<i>Sanctuary </i>de Brett Bailey. "Seagulls" with Magd Assad Sanctuary de Brett Bailey. "Seagulls" with Magd Assad © p. D. R.
Critiques Performance spectacle vivant

Laboratoire marseillais - 1

Brett Bailey à la Friche, sept chorégraphes au Ballet de Marseille illustrent ouvertures et croisements expérimentés par la nouvelle direction du festival phocéen.

- Partie 1 -

 

Par Gérard Mayen publié le 29 juin 2017

 

C’est au Festival de Marseille que Brett Bailey montre pour la première fois en France sa nouvelle installation Sanctuary. Bonne ou mauvaise raison, les vives polémiques ayant entouré sa précédente exposition, Exhibit B, ont polarisé l’attention sur cette nouvelle expérience. Celle-ci figurait au cœur du premier week-end d’un Festival de Marseille nouvellement dirigé par le fort contemporain (et universel) flamand Jan Goossens.

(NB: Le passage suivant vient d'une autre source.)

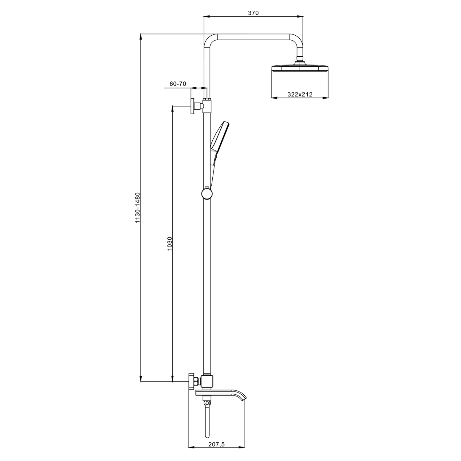 Размер верхнего душа,мм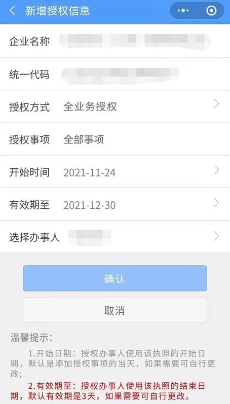 第二步选择【授权方式】和【授权事项】,指定授权【开始时间】和【结束时间】,办事人领取该执照后,可以在执照有效期内办理与该授权事项相关的各项业务。在授权信息列表点击某一授权事项是【详细信息】可以查看该授权事项的详细信息,也可进行取消授权操作;授权被取消后办事人下载的该执照将被失效。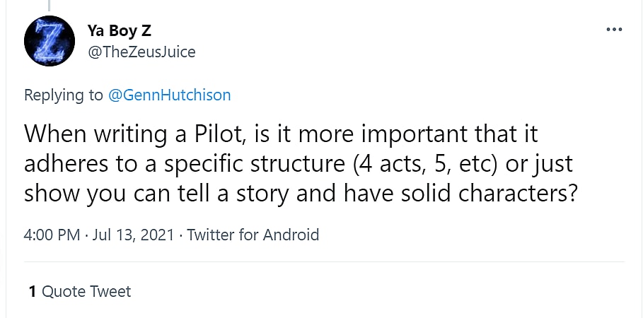 Twitter user TheZeusJuice asked, “When writing a Pilot, is it more important that is adheres to a specific structure (4 acts, 5, etc) or just show you can tell a story and have solid characters?”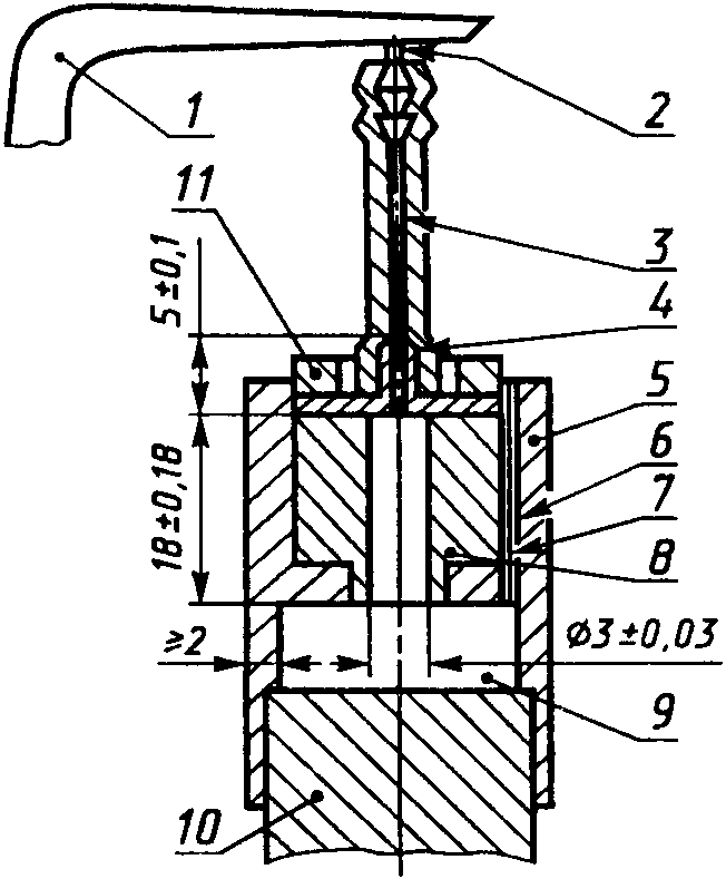 1 - трубка; 2 - ушной вкладыш; 3 - опорная плоскость

Beaucoup de puissance symbolique s’attache à cette production de l’artiste sud-africain, conçue au côté du dramaturge libanais Eyad Houssami. Afrique. Moyen-Orient. Mise en cause de l’érection européenne en « sanctuaire » à protéger des assauts migratoires… À travers ces quelques données, beaucoup est dit de la façon dont la nouvelle direction artistique marseillaise espère parler au monde et à la ville.

Stations

À la friche de la Belle de mai, Sanctuary se présente à son visiteur sous la forme d’un long parcours à stations, dont la numérotation (de un à huit) rappelle un chemin de croix : celui des migrants tentant de se faire accueillir en Europe. Tout l’enjeu va résider dans la qualité d’un regard mis en crise, qui est celui de l’Européen confronté à l’être vivant migrant – ou à sa seule représentation médiatique – ou ici une tentative de transmutation artistique.

Au terme de ces rencontres, des panonceaux explicitent le parcours respectif de chacun des performers actifs dans Sanctuary. Amateurs ou professionnels de la scène, activistes des causes concernées, ces acteurs sont parfois migrants eux-mêmes, d’autres fois des militants solidaires impliqués. S’en trouve évacuée radicalement toute polémique analogue à celle suscitée par Exhibit B (où il était reproché que des figures d’esclaves noirs en situation d’avilissement soient incarnées par des artistes blancs). Cette clarification est heureuse. Elle renvoie au fait qu’on n’est, de toute façon, ici, que devant une représentation artistique, qu’il est absurde de rabattre sur une immédiateté littérale.

Réalisme pompier

La question n’est pas de savoir qui est noir ou blanc, mais ce qu’une mise en scène produit en termes de représentation à travers des acteurs. À cet égard, Sanctuary apporte beaucoup et peu à la fois. Le peu réside dans une lourde théâtralité scénographique, disposant en vitrines successives des artefacts d’environnements ravagés par la désolation guerrière, l’exode, la relégation. Il y faut des gravats, des vêtements déchirés, du barbelé torsadé, des déchets épars, mobiliers de fortune, abris faméliques. Pas un instant, ce réalisme pompier ne saurait prétendre à contrecarrer l’effet de distanciation magique sidérante qu’induit par ailleurs le mode de construction du récit médiatique.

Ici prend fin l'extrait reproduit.